* Your instructions *
Using only the entries below, copy exactly the lines that begin at the one with "AFTONBLADET 1831-02-08 Fritt" and end at the one with "Kodiak Water Resistant", both included. Drop the pictures.

* Study material *
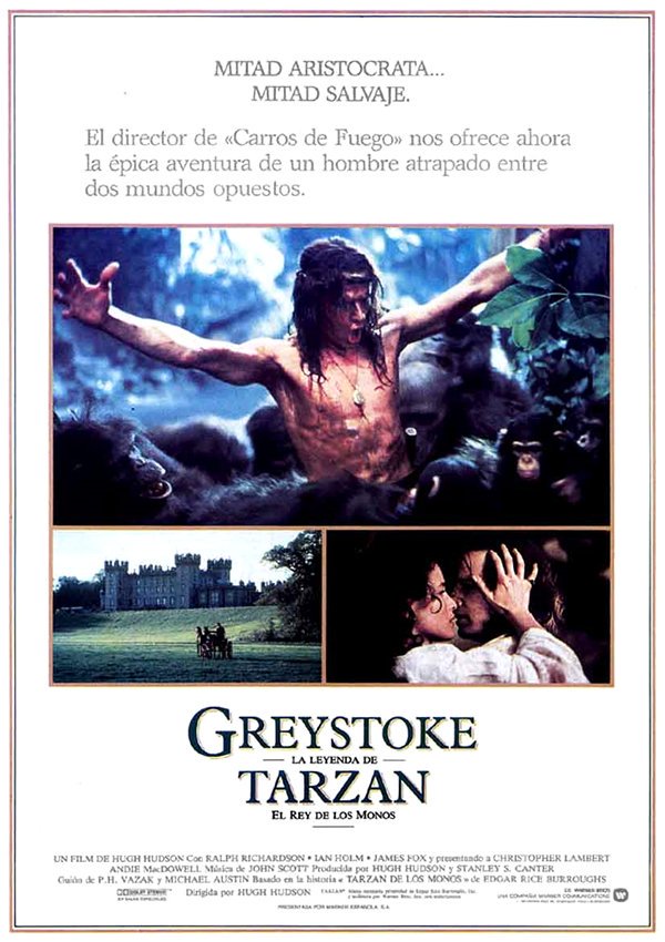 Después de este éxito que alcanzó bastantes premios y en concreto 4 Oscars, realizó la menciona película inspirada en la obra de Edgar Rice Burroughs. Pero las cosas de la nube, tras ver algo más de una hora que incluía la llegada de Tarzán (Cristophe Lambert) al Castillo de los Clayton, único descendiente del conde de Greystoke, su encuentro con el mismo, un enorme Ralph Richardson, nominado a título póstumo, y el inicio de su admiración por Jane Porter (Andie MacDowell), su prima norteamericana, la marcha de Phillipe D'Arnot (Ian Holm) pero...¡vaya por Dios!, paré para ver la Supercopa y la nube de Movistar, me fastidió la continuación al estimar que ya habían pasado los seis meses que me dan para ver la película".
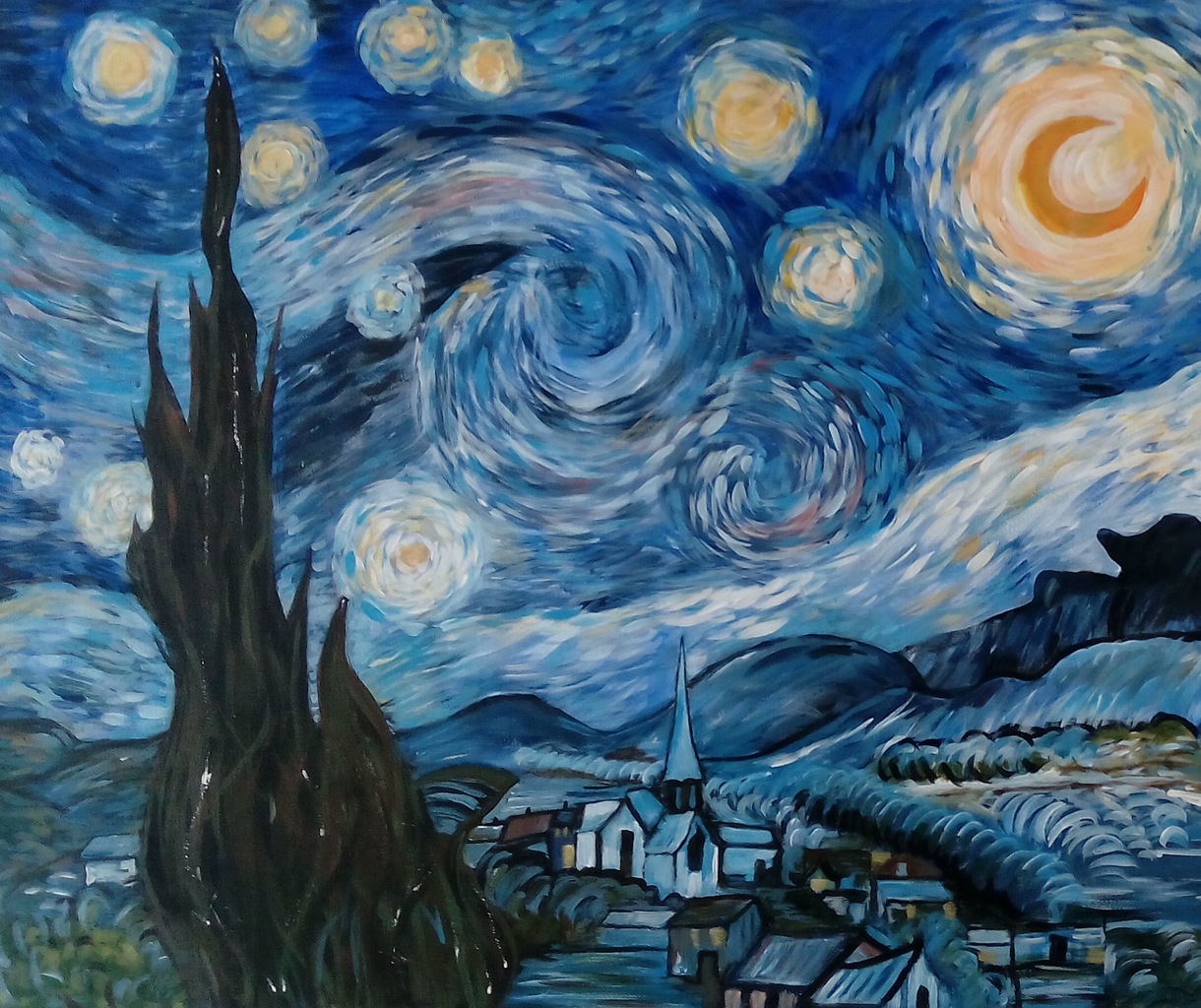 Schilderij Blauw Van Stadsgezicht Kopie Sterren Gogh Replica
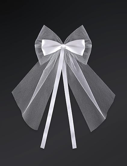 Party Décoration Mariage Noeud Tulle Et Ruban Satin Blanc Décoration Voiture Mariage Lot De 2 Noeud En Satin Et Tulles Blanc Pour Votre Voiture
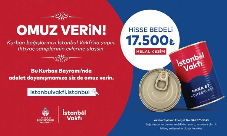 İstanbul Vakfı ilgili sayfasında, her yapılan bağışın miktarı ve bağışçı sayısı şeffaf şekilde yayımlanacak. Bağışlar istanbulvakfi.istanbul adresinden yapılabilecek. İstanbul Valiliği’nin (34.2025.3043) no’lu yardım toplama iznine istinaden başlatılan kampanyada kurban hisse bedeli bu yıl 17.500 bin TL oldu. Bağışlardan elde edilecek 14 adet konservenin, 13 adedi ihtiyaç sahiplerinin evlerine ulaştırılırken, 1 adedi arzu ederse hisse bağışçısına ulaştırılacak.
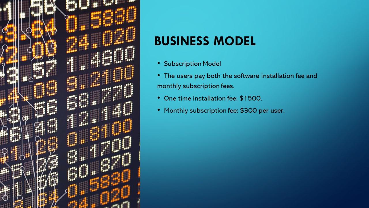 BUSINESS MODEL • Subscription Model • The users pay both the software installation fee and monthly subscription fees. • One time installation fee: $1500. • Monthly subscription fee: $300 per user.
==
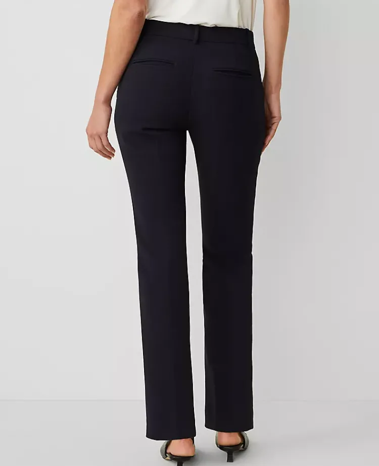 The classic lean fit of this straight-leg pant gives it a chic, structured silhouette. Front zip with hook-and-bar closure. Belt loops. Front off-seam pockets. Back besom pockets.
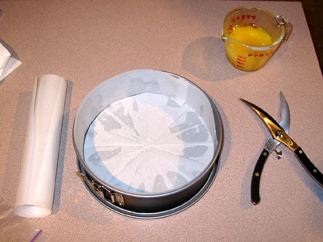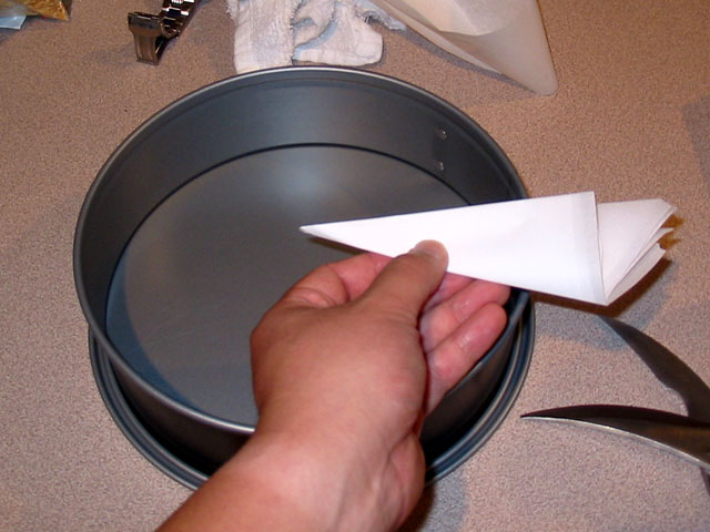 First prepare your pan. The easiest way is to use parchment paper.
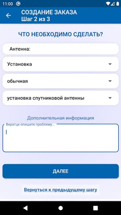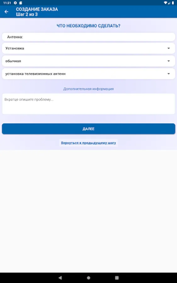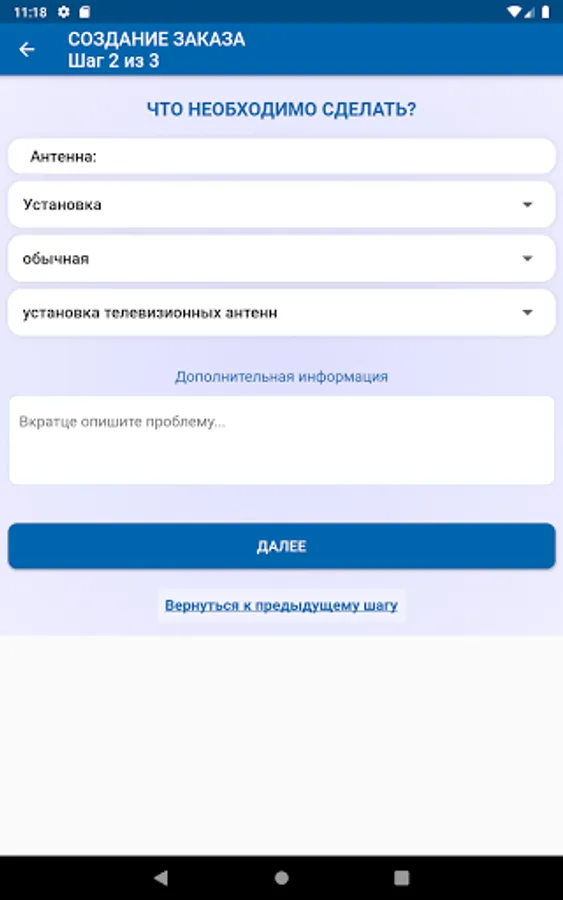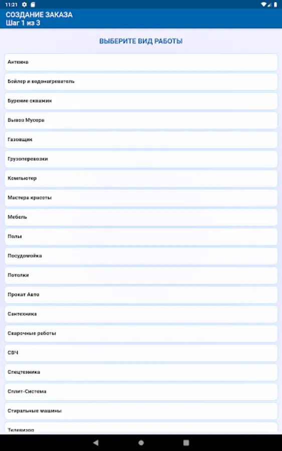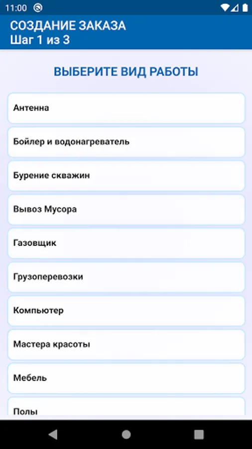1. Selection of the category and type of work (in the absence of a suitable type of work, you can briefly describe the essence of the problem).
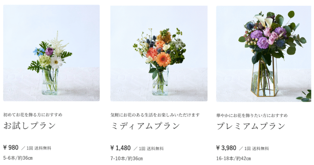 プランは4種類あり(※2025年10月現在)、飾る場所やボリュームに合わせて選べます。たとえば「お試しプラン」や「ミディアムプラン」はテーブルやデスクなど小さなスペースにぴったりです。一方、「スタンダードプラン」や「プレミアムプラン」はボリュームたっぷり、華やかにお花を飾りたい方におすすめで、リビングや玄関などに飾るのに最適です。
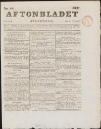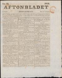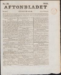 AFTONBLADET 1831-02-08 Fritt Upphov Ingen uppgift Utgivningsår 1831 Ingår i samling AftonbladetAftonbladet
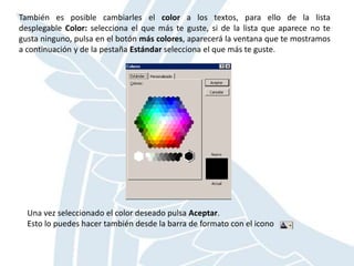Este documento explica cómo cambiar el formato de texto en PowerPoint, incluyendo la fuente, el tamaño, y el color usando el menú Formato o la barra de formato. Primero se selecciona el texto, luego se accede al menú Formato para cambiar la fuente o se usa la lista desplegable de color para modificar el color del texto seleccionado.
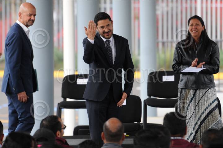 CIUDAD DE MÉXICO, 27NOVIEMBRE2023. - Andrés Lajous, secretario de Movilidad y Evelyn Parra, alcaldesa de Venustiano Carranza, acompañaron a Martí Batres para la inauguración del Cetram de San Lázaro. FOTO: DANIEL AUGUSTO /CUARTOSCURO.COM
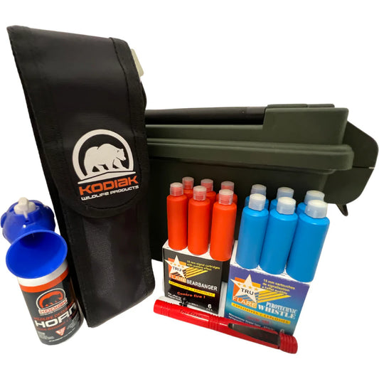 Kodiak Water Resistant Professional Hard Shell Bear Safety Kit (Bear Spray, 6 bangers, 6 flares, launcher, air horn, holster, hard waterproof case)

* Response to this task *
 AFTONBLADET 1831-02-08 Fritt Upphov Ingen uppgift Utgivningsår 1831 Ingår i samling AftonbladetAftonbladet
Este documento explica cómo cambiar el formato de texto en PowerPoint, incluyendo la fuente, el tamaño, y el color usando el menú Formato o la barra de formato. Primero se selecciona el texto, luego se accede al menú Formato para cambiar la fuente o se usa la lista desplegable de color para modificar el color del texto seleccionado.
 CIUDAD DE MÉXICO, 27NOVIEMBRE2023. - Andrés Lajous, secretario de Movilidad y Evelyn Parra, alcaldesa de Venustiano Carranza, acompañaron a Martí Batres para la inauguración del Cetram de San Lázaro. FOTO: DANIEL AUGUSTO /CUARTOSCURO.COM
 Kodiak Water Resistant Professional Hard Shell Bear Safety Kit (Bear Spray, 6 bangers, 6 flares, launcher, air horn, holster, hard waterproof case)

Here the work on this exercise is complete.